Step 3: Find the condition for common terms
A common term x must satisfy
x = 3 + 4k \quad\text{and}\quad x = 2 + 3m
for some integers k and m . Equating these,
3 + 4k = 2 + 3m
\quad\Longrightarrow\quad
4k - 3m = -1.
Step 4: Determine the first common term
We look for integer solutions (k, m) .
Try k = 2 :
4(2) - 3m = -1
\quad\Longrightarrow\quad
8 - 3m = -1
\quad\Longrightarrow\quad
3m = 9
\quad\Longrightarrow\quad
m = 3.
This results in
x = 3 + 4\times 2 = 11,
which is also 2 + 3\times 3 = 11.
So, 11 is the first common term.
Step 5: Find the common difference among the common terms
The next common terms occur in steps of \mathrm{LCM}(4, 3) = 12.

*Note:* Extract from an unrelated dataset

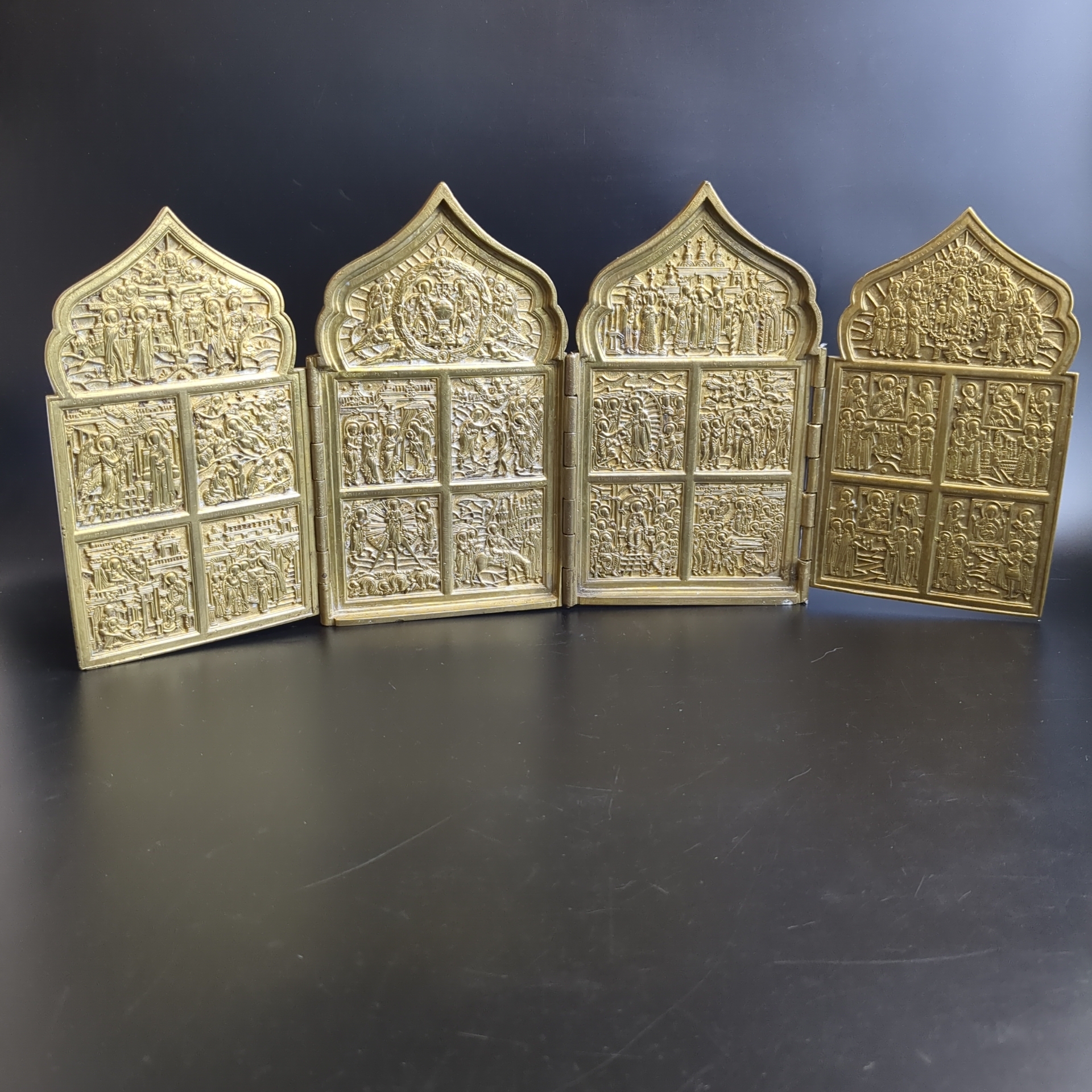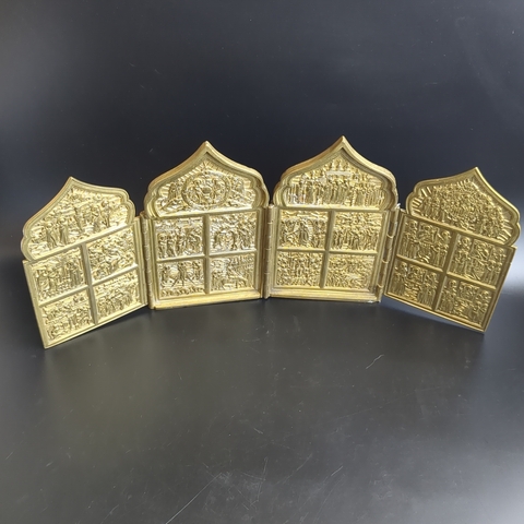 Большой старинный бронзовый четырехчастный Складень "Двунадесятые Праздники" (12 Православных Праздников) XIX век

Hence, the sequence of common terms is itself an AP with
• First common term = 11,
• Common difference = 12.
Step 6: Determine the number of common terms up to the largest term in either AP
The common terms must not exceed the smaller of the last terms 403 and 404.
Let the total number of these common terms be n.
The n th common term is
11 + (n - 1)\times 12.
We require
11 + 12(n - 1) \le 403.
Thus,
12(n - 1) \le 392
\quad\Longrightarrow\quad
n - 1 \le \frac{392}{12}
\quad\Longrightarrow\quad
n - 1 \le 32.66...
\quad\Longrightarrow\quad
n \le 33.
Hence, there are 33 common terms.
The largest common term is
11 + 12\times(33 - 1) = 11 + 384 = 395.
Step 7: Calculate the sum of these common terms
The 33 common terms form an AP with first term a = 11 and common difference d = 12.
The sum of n terms of an AP is given by
S = \frac{n}{2}\,\bigl[2a + (n-1)d \bigr].
Substituting n=33, a=11, and d=12, we get:
S = \frac{33}{2} \bigl[ 2 \times 11 + (33 - 1)\times 12 \bigr].
Inside the bracket:
2 \times 11 = 22, \quad (33 - 1)\times 12 = 32\times 12 = 384,
so
2a + (n-1)d = 22 + 384 = 406.
Therefore,
S = \frac{33}{2}\times 406 = 33 \times 203 = 6699.
Final Answer
The sum of the common terms in the two given arithmetic progressions is 6699.